SIR PATRICK [grumbling and fumbling for his spectacles] Oh, bother your pamphlets. Whats the practice of it? [Looking at the pamphlet] Opsonin? What the devil is opsonin?
RIDGEON. Opsonin is what you butter the disease germs with to make your white blood corpuscles eat them. [He sits down again on the couch].
SIR PATRICK. Thats not new. Ive heard this notion that the white corpuscles—what is it that whats his name?—Metchnikoff—calls them?

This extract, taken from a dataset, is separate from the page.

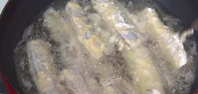 接著先把帶魚裹一層面粉,裹完面粉後再裹一層蛋液,最後再把帶魚裹一層面粉,果滿三次以後把帶魚單獨擺放備用,其他待遇都是按照此方法裹好,好全部補好後開始下鍋。鍋內加入適量植物油把油門燒至三成熱,由熱後轉小火,下入魚段。炸帶魚是要全程開小火,防止外糊裡生的情況,先把帶魚一面煎三分鐘,三分鐘後帶魚表面進行,接著把帶魚翻面繼續煎另外一面,全程大約6~7分鐘炸至表面焦黃後控油撈出。最後在炸好的帶魚表面撒一些椒鹽美味跡象。好瞭,我們膠香四溢的香煎帶魚完成,外表金黃酥脆,魚肉鮮美入味,希望您能夠喜歡。

SIR PATRICK. Aye, phagocytes: yes, yes, yes. Well, I heard this theory that the phagocytes eat up the disease germs years ago: long before you came into fashion. Besides, they dont always eat them.
RIDGEON. They do when you butter them with opsonin.
SIR PATRICK. Gammon.
RIDGEON. No: it’s not gammon. What it comes to in practice is this. The phagocytes wont eat the microbes unless the microbes are nicely buttered for them. Well, the patient manufactures the butter for himself all right; but my discovery is that the manufacture of that butter, which I call opsonin, goes on in the system by ups and downs—Nature being always rhythmical, you know—and that what the inoculation does is to stimulate the ups or downs, as the case may be. If we had inoculated Jane Marsh when her butter factory was on the up-grade, we should have cured her arm. But we got in on the downgrade and lost her arm for her. I call the up-grade the positive phase and the down-grade the negative phase. Everything depends on your inoculating at the right moment. Inoculate when the patient is in the negative phase and you kill: inoculate when the patient is in the positive phase and you cure.
SIR PATRICK. And pray how are you to know whether the patient is in the positive or the negative phase?
RIDGEON. Send a drop of the patient’s blood to the laboratory at St. Anne’s; and in fifteen minutes I’ll give you his opsonin index in figures. If the figure is one, inoculate and cure: if it’s under point eight, inoculate and kill. Thats my discovery: the most important that has been made since Harvey discovered the circulation of the blood. My tuberculosis patients dont die now.